Wednesday, 6 July 2011

Sloving the mystery of Chemical formulae





A & B 
Naming of chemical substances begins with the names of the elements. The discoverer of an element has traditionally had the right to name it, and many of the names refer to the element's properties or to geographic locations.

The system used for naming chemical substances depends on the nature of the molecular units making up the compound. These are usually either ions or molecules and different rules apply to each.

It is often necessary to distinguish between compounds in which the same elements are present in different proportions. Chemists have long used Latin and Greek roots to designate numbers within names. 

Two-element compounds are usually quite easy to name because most of them follow the systematic rule of adding the suffix -ide to the root name of the second element, which is normally the more "negative" one.

For rather obscure historic reasons, some of them have common names that begin with -bi which, although officially discouraged, are still in wide use for example,


HCO3
hydrogen carbonate
bicarbonate
HSO4
hydrogen sulfate
bisulfate
HSO3
hydrogen sulfite
bisulfite

Most of the cations and anions can combine to form solid compounds that are usually known as salts.
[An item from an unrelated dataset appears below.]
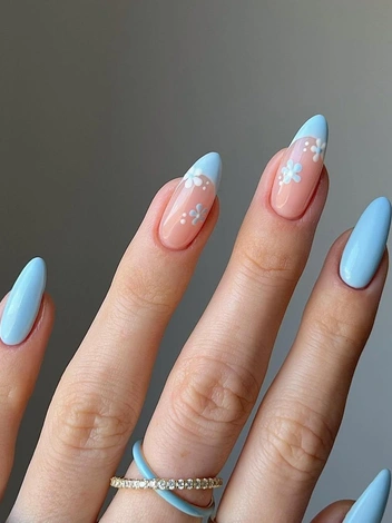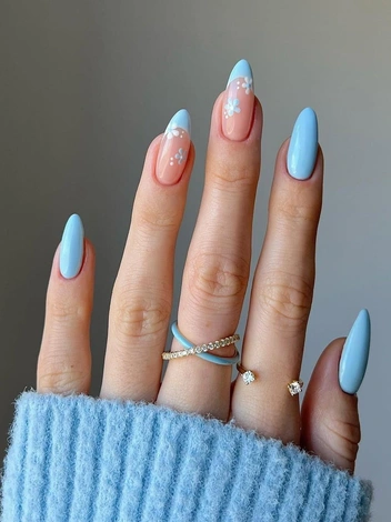 Небесно-голубой маникюр — отличный способ добавить больше свежести и легкости к любому образу, которых так не хватает после зимней «спячки».

The one overriding requirement is that the resulting compound must be electrically neutral: thus the ions Ca2+ and Br  combine only in a 1:2 ratio to form calcium bromide, CaBr2. Because no other simplest formula is possible, there is no need to name it "calcium dibromide".


Since some metallic elements form cations having different positive charges, the names of ionic compounds derived from these elements must contain some indication of the cation charge. The older method uses the suffixes -ous and -ic to denote the lower and higher charges, respectively.


C.
The most common oxygen-containing anions (oxyanions) have names ending in -ate, but if a variant containing a small number of oxygen atoms exists, it takes the suffix -ite.
How many oxygen atoms an "-ite" represents depends on the primary atom. All you get from the -ite/-ate relationship is that -ate has one more O than -ite. 
 In other words, if you have two ions, the one with more oxygens is 'ate' and the one with less is 'ite'.